Instructions to follow: The printed result should hold only the lines from the opening of the data through the line bearing "На 13 февруари", exactly as given and without pictures.

━━━━━━

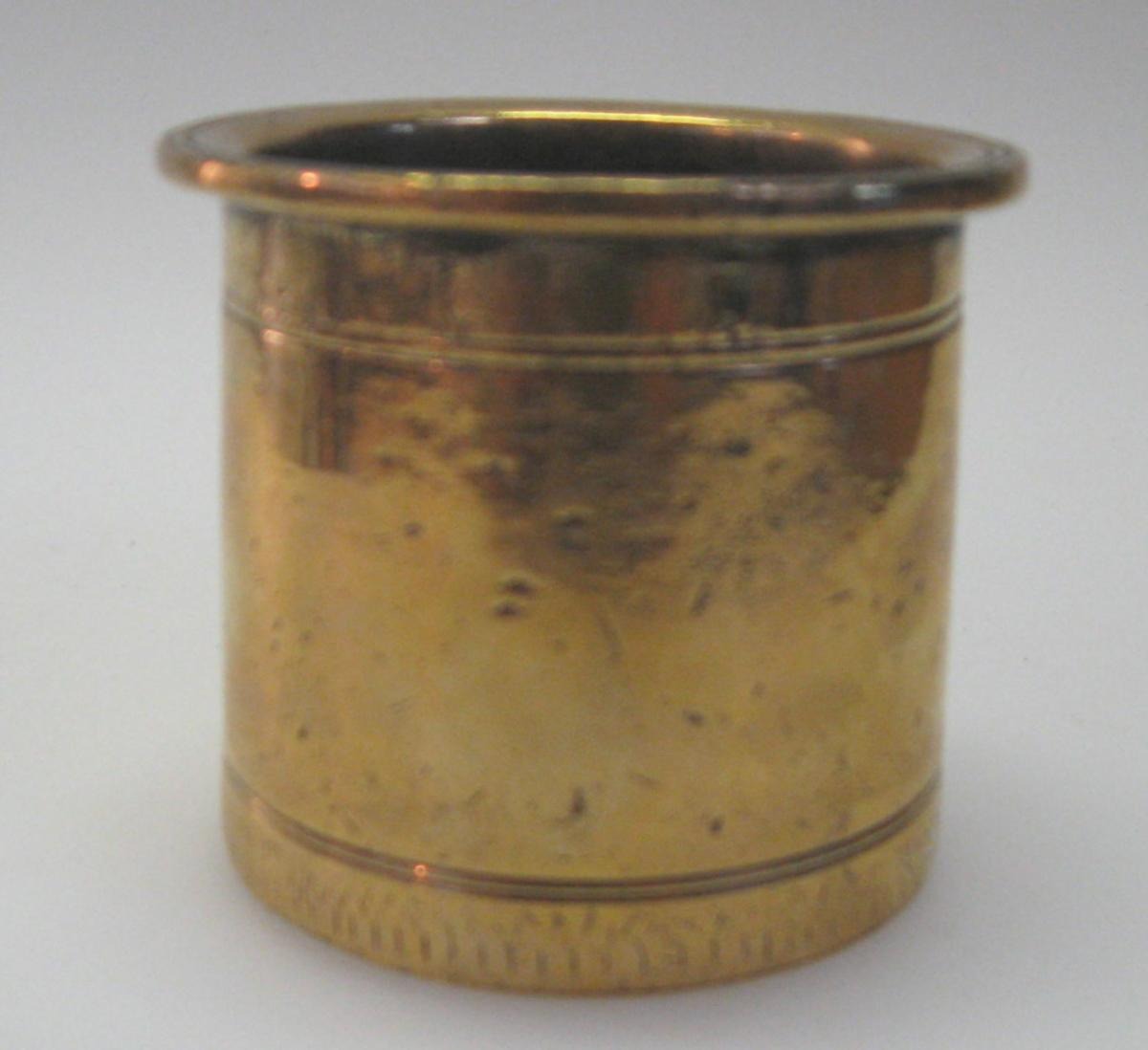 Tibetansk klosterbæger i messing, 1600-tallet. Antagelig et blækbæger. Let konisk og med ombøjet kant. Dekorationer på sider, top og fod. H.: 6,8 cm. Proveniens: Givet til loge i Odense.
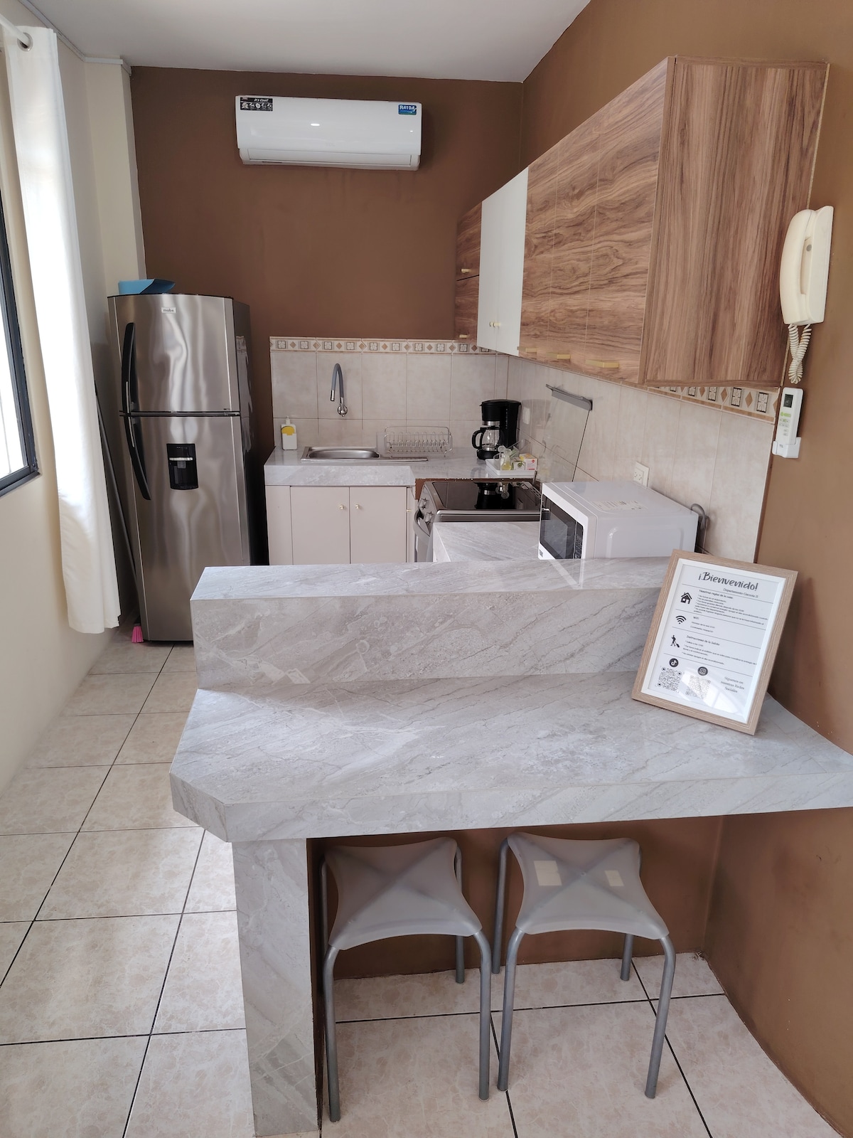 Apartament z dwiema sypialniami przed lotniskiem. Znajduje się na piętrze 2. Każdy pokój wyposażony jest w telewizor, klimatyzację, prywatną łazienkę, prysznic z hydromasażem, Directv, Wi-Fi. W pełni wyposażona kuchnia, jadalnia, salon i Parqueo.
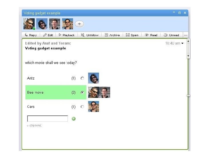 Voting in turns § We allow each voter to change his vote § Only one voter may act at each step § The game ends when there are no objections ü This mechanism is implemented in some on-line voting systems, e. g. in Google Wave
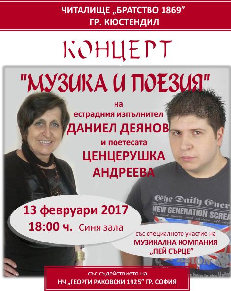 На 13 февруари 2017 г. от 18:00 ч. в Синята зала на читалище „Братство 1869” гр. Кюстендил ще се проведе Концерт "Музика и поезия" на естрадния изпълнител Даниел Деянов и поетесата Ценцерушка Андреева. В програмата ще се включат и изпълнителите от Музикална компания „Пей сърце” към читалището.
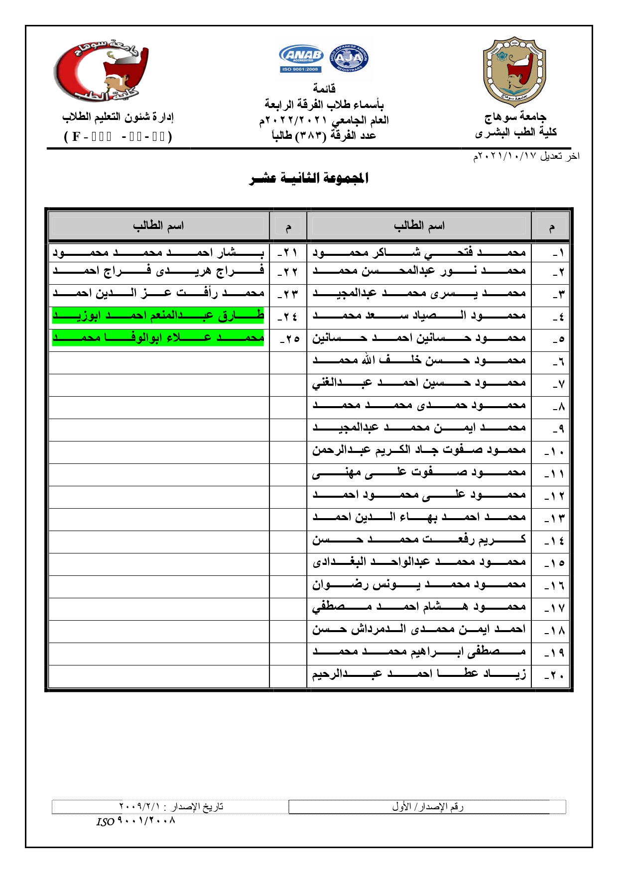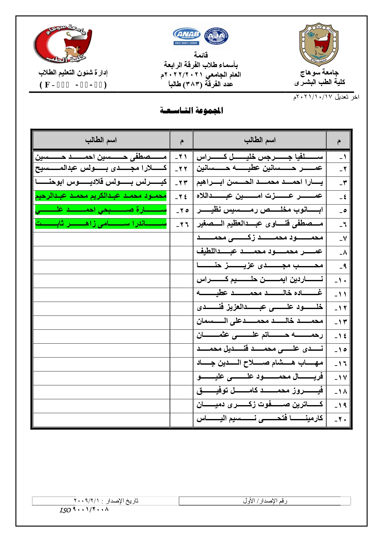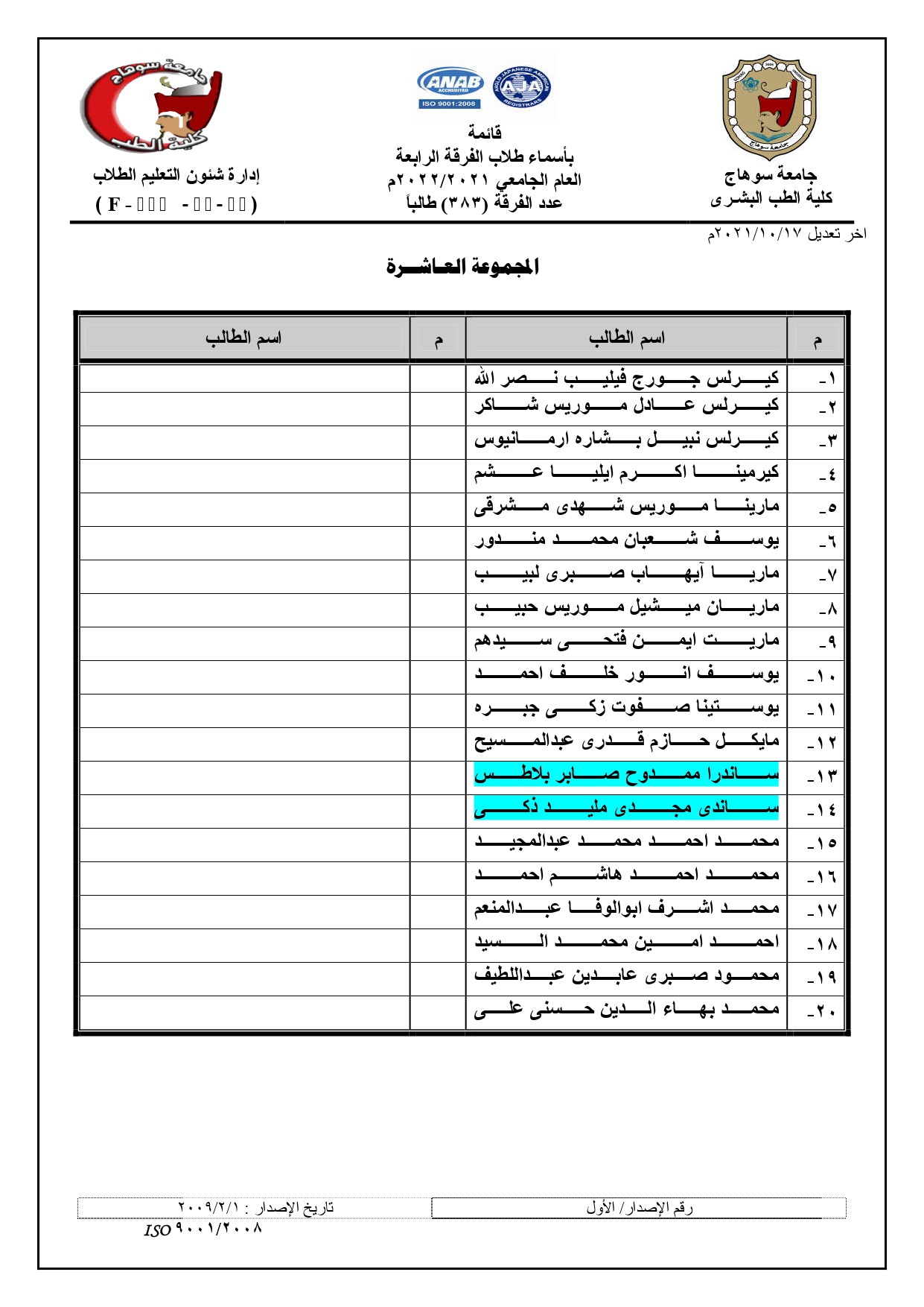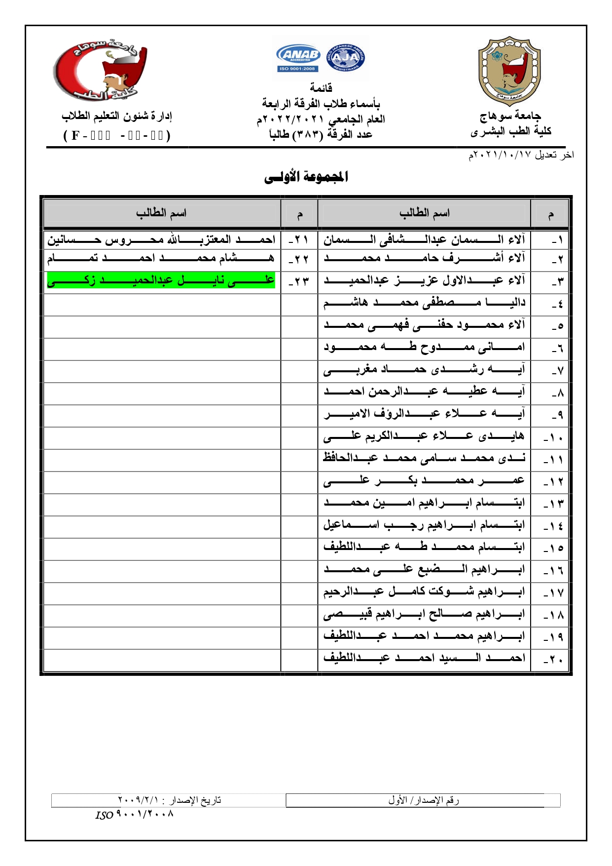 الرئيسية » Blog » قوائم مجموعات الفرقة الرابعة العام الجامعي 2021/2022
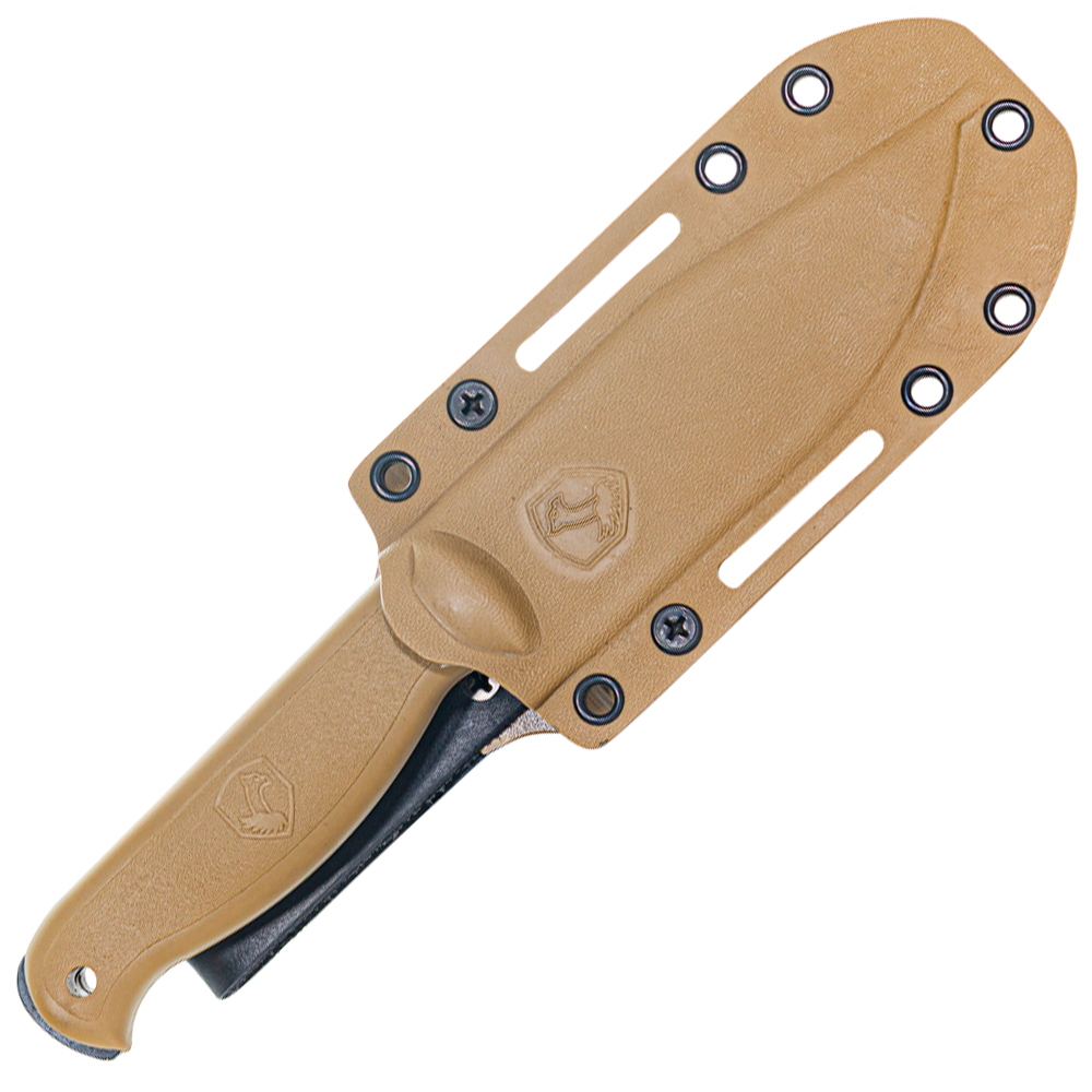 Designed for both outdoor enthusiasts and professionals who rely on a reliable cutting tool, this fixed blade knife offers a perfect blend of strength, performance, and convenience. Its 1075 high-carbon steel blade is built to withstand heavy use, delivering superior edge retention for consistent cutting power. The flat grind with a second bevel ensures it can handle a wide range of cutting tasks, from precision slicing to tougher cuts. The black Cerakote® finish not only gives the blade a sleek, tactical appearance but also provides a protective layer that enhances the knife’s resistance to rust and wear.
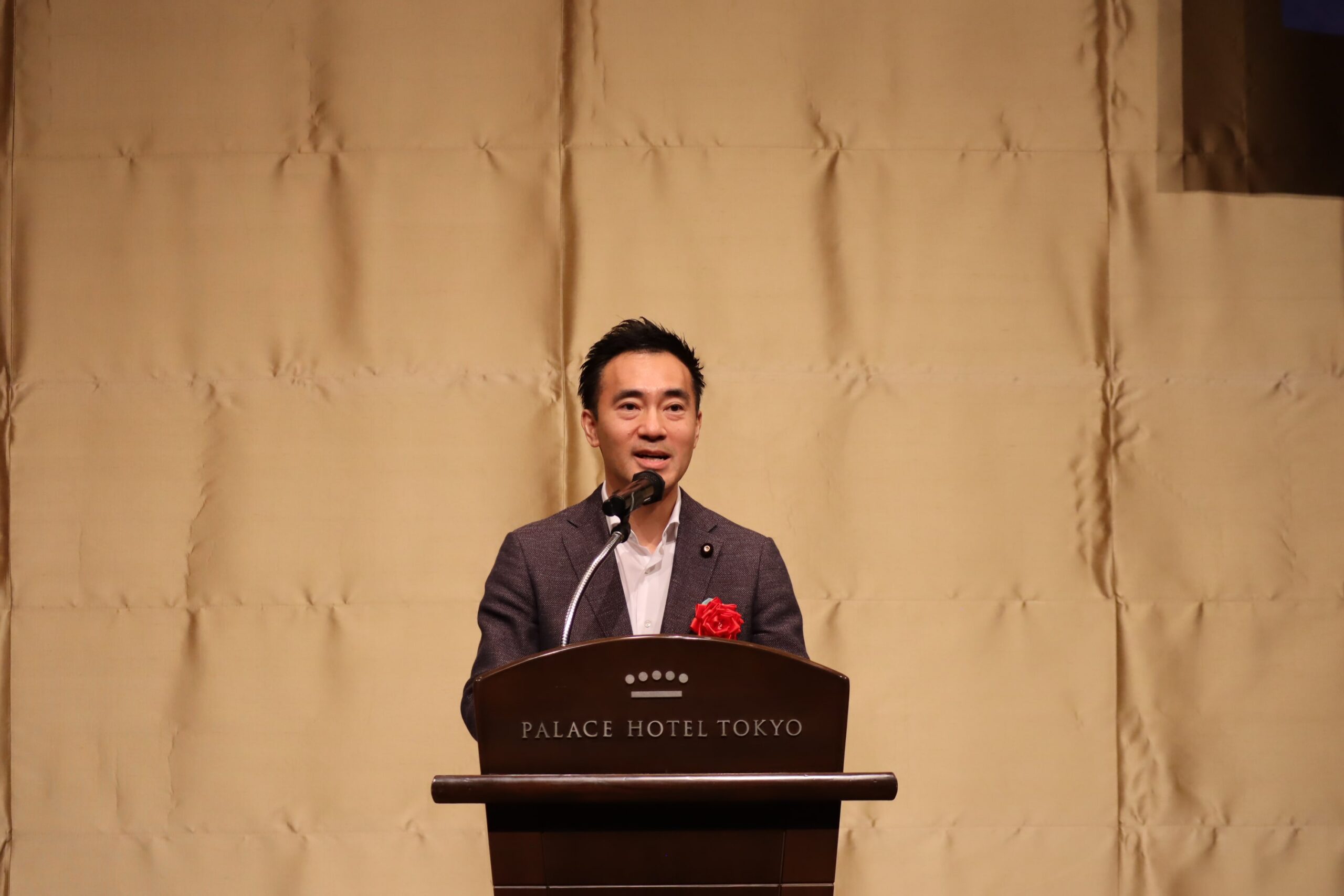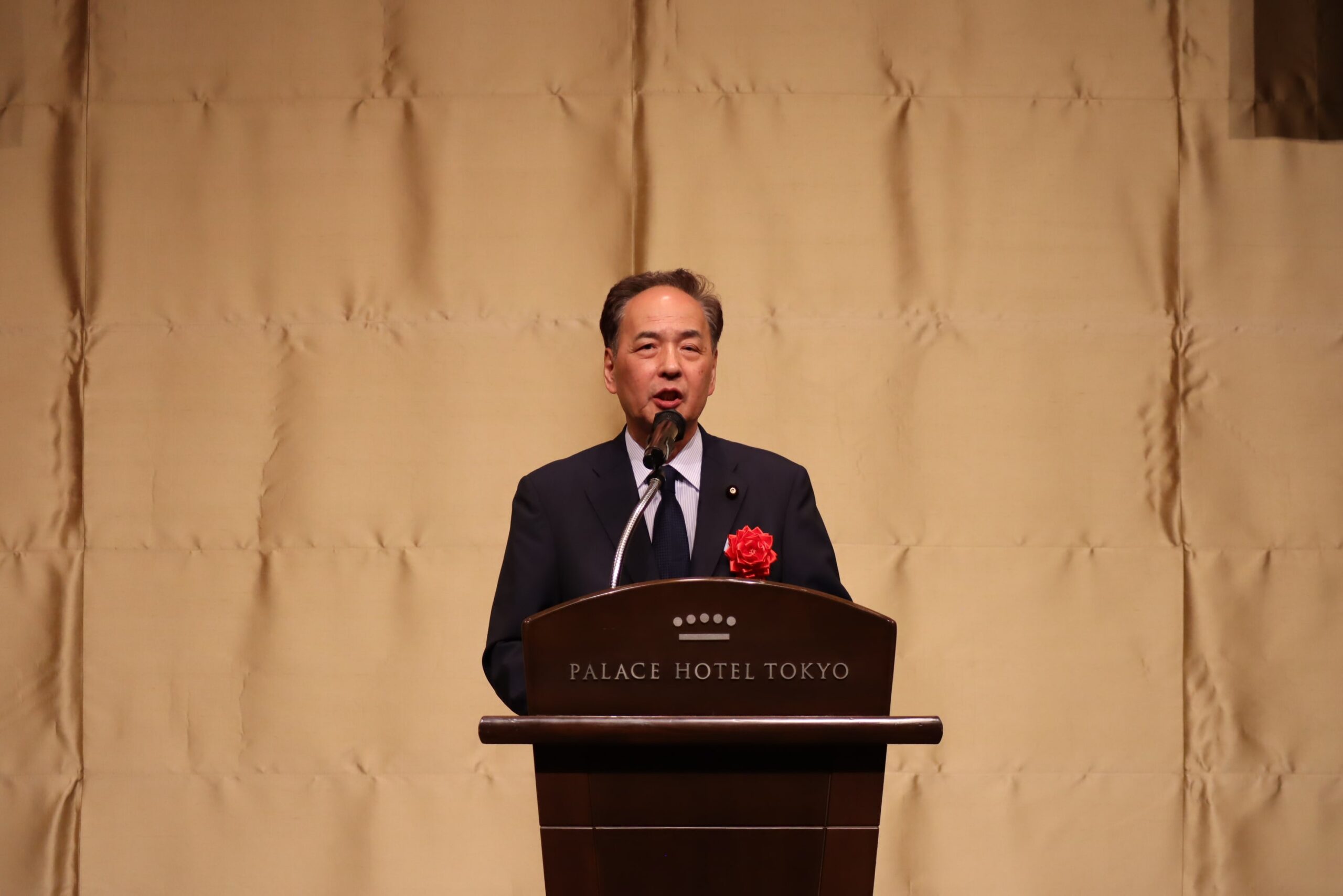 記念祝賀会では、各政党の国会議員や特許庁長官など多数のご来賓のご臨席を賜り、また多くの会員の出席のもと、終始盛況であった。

━━━━━━

Solution for this exercise:
 Tibetansk klosterbæger i messing, 1600-tallet. Antagelig et blækbæger. Let konisk og med ombøjet kant. Dekorationer på sider, top og fod. H.: 6,8 cm. Proveniens: Givet til loge i Odense.
 Apartament z dwiema sypialniami przed lotniskiem. Znajduje się na piętrze 2. Każdy pokój wyposażony jest w telewizor, klimatyzację, prywatną łazienkę, prysznic z hydromasażem, Directv, Wi-Fi. W pełni wyposażona kuchnia, jadalnia, salon i Parqueo.
 Voting in turns § We allow each voter to change his vote § Only one voter may act at each step § The game ends when there are no objections ü This mechanism is implemented in some on-line voting systems, e. g. in Google Wave
 На 13 февруари 2017 г. от 18:00 ч. в Синята зала на читалище „Братство 1869” гр. Кюстендил ще се проведе Концерт "Музика и поезия" на естрадния изпълнител Даниел Деянов и поетесата Ценцерушка Андреева. В програмата ще се включат и изпълнителите от Музикална компания „Пей сърце” към читалището.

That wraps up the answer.